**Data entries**
================================

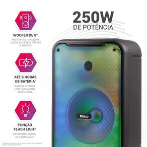 Durabilidade e conectividade Sua bateria recarregáveis oferece até 9 horas de autonomia, garantindo que a festa dure por muito mais tempo. Enquanto, sua tecnologia Philco Connection e Bluetooth 5.0 possibilitam a conexão com múltiplas unidades.
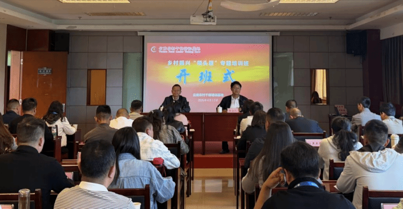 2026年4月13日上午,云南农村干部培训基地乡村振兴“领头雁”专题培训班正式开班。云南农业大学继续教育学院院长、云南农村干部培训基地副主任杨金江同志作开班动员讲话,云南农业大学继续教育学院(云南农村干部培训基地)党支部副书记戴波同志主持开班式。来自全省16个地州的村(社区)党组织书记共50人参加培训。
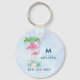 Cadena de claves personalizada con un nombre, número inicial y número de teléfono. Diseñado con el ilustracion de una mami y un flamenco rosado de bebé sobre una cama de flores suculentas florales con palmeras verdes que se balancean por la espalda. Tropical y bonito. El fondo es una acuarela azul veraniego con toques de violeta.
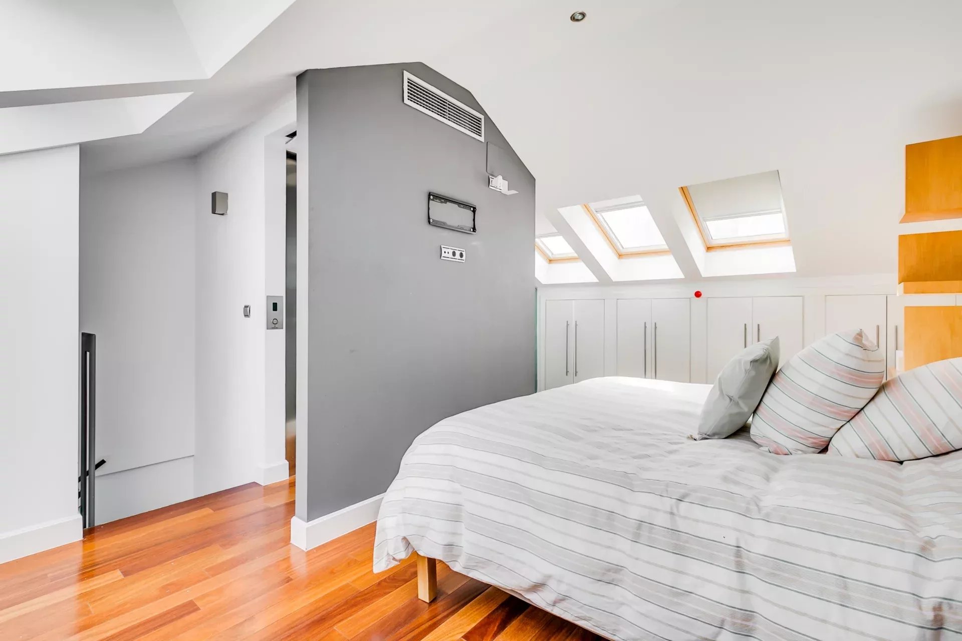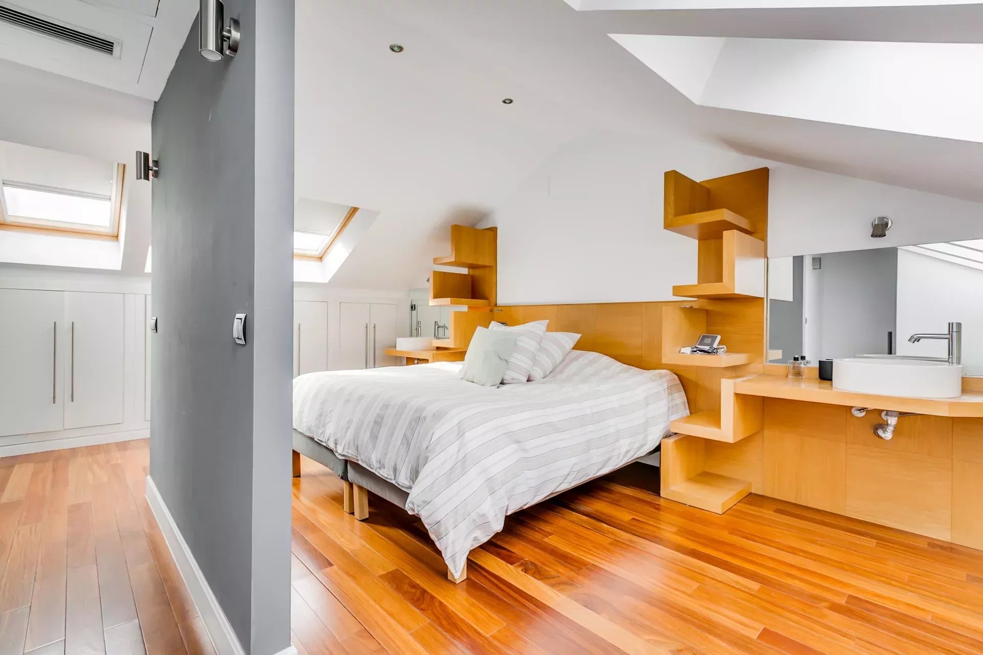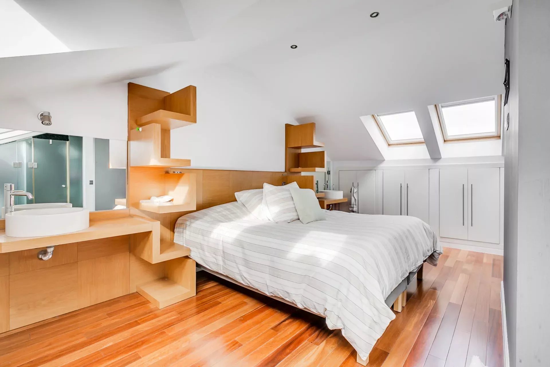 Au dernier étage, sous le pont, se trouve la chambre principale avec un design moderne, un dressing et une douche, une salle de bains et des toilettes séparées.
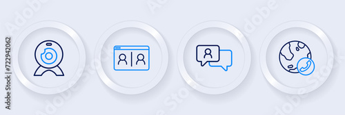 Set line Video chat conference, Speech bubble, and Web camera icon. Vector
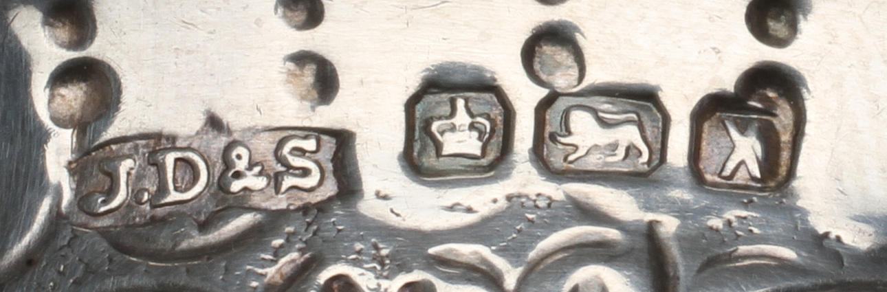 2 st pokaler, Chester England, 1900-tal, höjd 12,5 cm. Kanna, stmpl JD&S Sheffild, tot höjd ca 6 cm. Sked, stmpl London, längd 18 cm.

================================

Beginning with the first line of the records and ending with the line that contains "2026年4月13日上午,云", reproduce every line exactly, omitting pictures and adding nothing.

 Durabilidade e conectividade Sua bateria recarregáveis oferece até 9 horas de autonomia, garantindo que a festa dure por muito mais tempo. Enquanto, sua tecnologia Philco Connection e Bluetooth 5.0 possibilitam a conexão com múltiplas unidades.
 2026年4月13日上午,云南农村干部培训基地乡村振兴“领头雁”专题培训班正式开班。云南农业大学继续教育学院院长、云南农村干部培训基地副主任杨金江同志作开班动员讲话,云南农业大学继续教育学院(云南农村干部培训基地)党支部副书记戴波同志主持开班式。来自全省16个地州的村(社区)党组织书记共50人参加培训。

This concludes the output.